[Records from a data source]
Segment Open

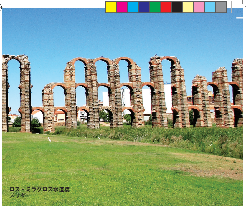
ロス・ミラグロス水道橋 メリダ
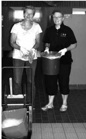
Vor dem Badevergnügen steht der Arbeitseinsatz

Leider wird wohl die Renovierung der Sonnenterrasse nicht umgesetzt werden können, weil
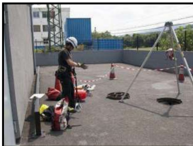
Entrada a un recinto confinado balizado y con el material lejos de la boca de entrada
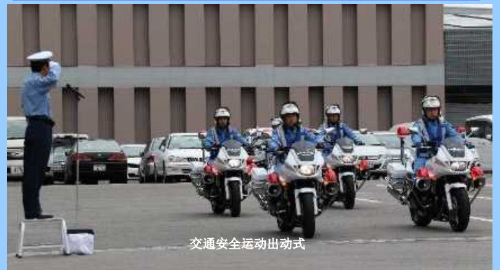
交通安全运动出动式

为了保护县民避免遭遇悲惨的交通事故，与相关机关·团体及交通志愿者等合作，开展各个季度的交通安全活动等的街头活动，与当地居民齐心协力推进交通安全活动。
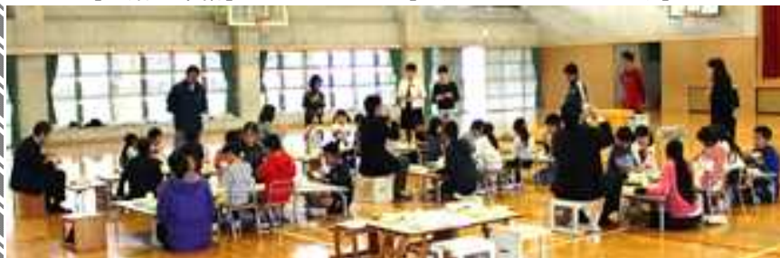
[みんなで、いただきます]
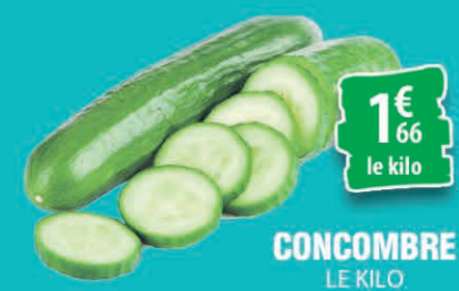
CONCOMBRE LE KILO 1€ 66

Segment Closed

§ Problem details
Please write out exactly the lines from the one containing "Entrada a un" through the last line of the records above, and leave out any pictures.

§ Solution for this task
Entrada a un recinto confinado balizado y con el material lejos de la boca de entrada
交通安全运动出动式

为了保护县民避免遭遇悲惨的交通事故，与相关机关·团体及交通志愿者等合作，开展各个季度的交通安全活动等的街头活动，与当地居民齐心协力推进交通安全活动。
[みんなで、いただきます]
CONCOMBRE LE KILO 1€ 66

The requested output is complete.